*** Opening of Data excerpt ***
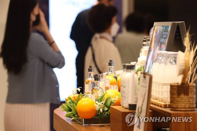 (서울=연합뉴스) 강민지 기자 = 러시아의 우크라이나 침공 사태와 인도네시아 팜유 수출 중단 사태 등으로 화장품과 비누 등 생활용품 가격이 상승 압박을 받고 있다. 주원료인 팜유와 곡물 등 원재료 가격이 급등하고 있기 때문이다. 17일 서울의 한 백화점 화장품 매장. 2022.5.17
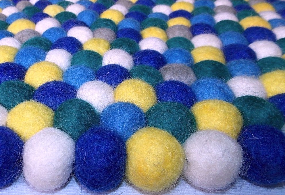 Blue & Green Felt Ball Rug
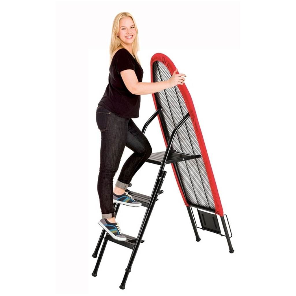 ✅ حل ذكي يجمع بين السلم المستقر و طاولة كوي مريحة – عملي للمنزل ويوفر لك المساحة.
*** Close of Data excerpt ***
## Exercise aim:
Once the pictures are dropped, please print every remaining line of the material verbatim.

## Problem solution:
 (서울=연합뉴스) 강민지 기자 = 러시아의 우크라이나 침공 사태와 인도네시아 팜유 수출 중단 사태 등으로 화장품과 비누 등 생활용품 가격이 상승 압박을 받고 있다. 주원료인 팜유와 곡물 등 원재료 가격이 급등하고 있기 때문이다. 17일 서울의 한 백화점 화장품 매장. 2022.5.17
 Blue & Green Felt Ball Rug
 ✅ حل ذكي يجمع بين السلم المستقر و طاولة كوي مريحة – عملي للمنزل ويوفر لك المساحة.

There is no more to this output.